Tout commence en 1921, avec l'ouverture du Palais Rémois, une salle de spectacle de 1 600 fauteuils située en plein centre - sur la Place d’Erlon -, qui deviendra l'Empire en 1929 et projettera alors ses premiers films. À la même époque, en 1924, naît L'Opéra de Reims à quelques rues de là. Sa façade, classée aux Monuments historiques, est un bijou architectural de style Art Nouveau et Art Déco. Tandis que Gaumont prend possession de l'Empire en 1930, la Paramount cède L'Opéra à la famille Reynaud en 1957. « Il est dans le giron familial depuis cette date. C'était une salle de cinéma de 1 200 places réparties entre une scène avec fosse d'orchestre et un grand balcon que précède le foyer. On y faisait aussi des concerts. Moi-même, je me rappelle être allé voir Johnny Hallyday ou le groupe Ange à l'époque... », se souvient l'actuel directeur des lieux, Jean-Fabrice Reynaud.

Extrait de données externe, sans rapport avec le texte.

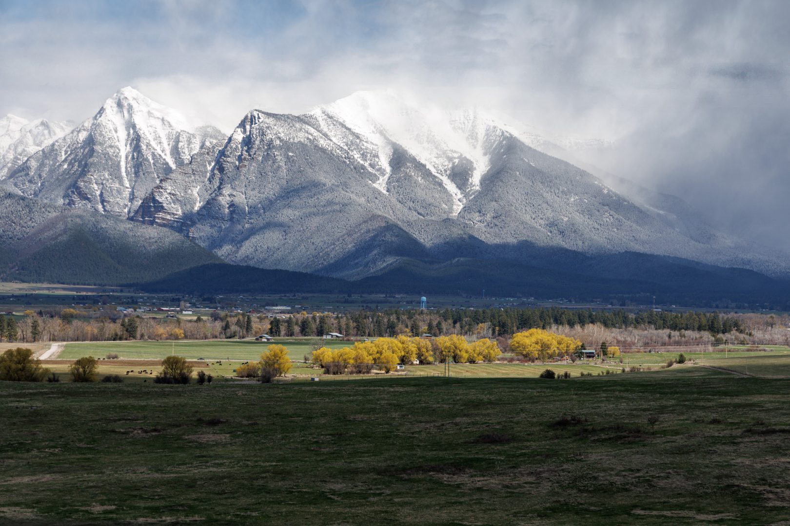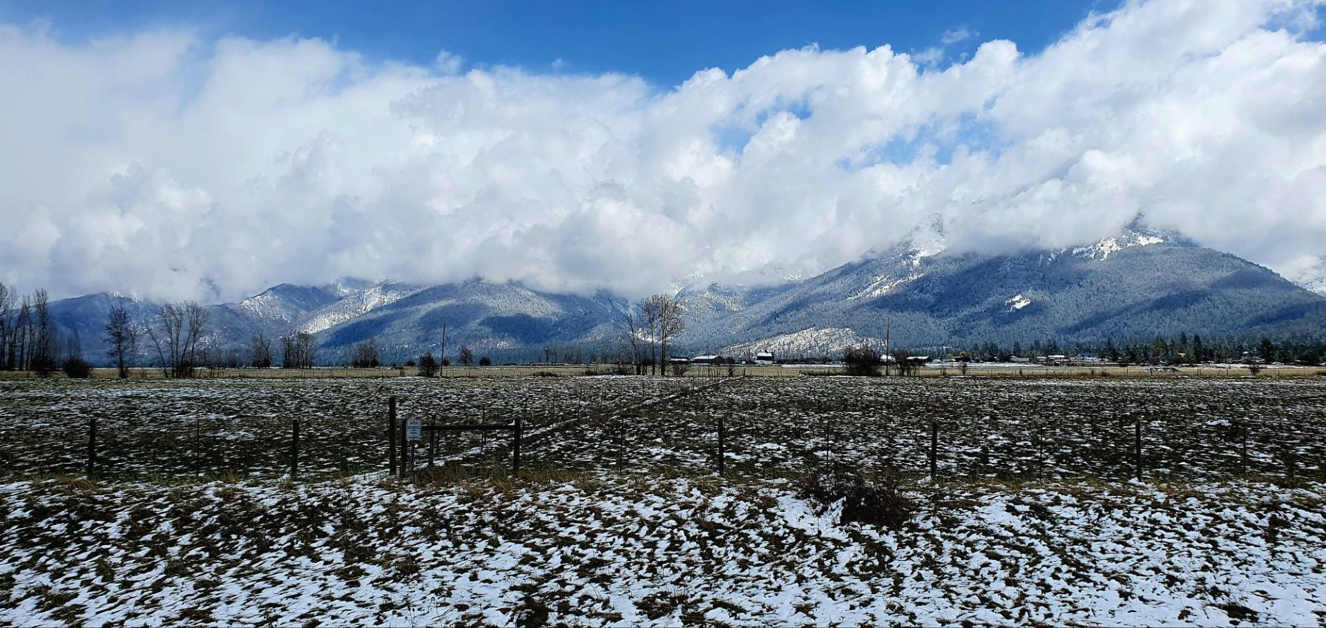 Au loin nous apercevons la belle chaîne des Montagnes Mission qui font partie des montagnes Rocheuses.

Des complexes de centre-ville

Son père, Pierre Reynaud, décède dans un accident de voiture en juin 1968. Et c'est son frère, Daniel Reynaud, qui entreprend de transformer la salle unique en un complexe de 5 salles. L’une d’entre elles, qui comporte 800 places, est directement aménagée sous la coupole de l'ancienne salle qui pouvait s'ouvrir en cas de beau temps. « En fait, depuis 1973, L'Empire était devenu le Gaumont 123, un complexe comme la plupart des cinémas de l'époque. L'Opéra a fait de même en 1981 et en 1986, après le décès de mon oncle, j'ai racheté le cinéma à ma famille. »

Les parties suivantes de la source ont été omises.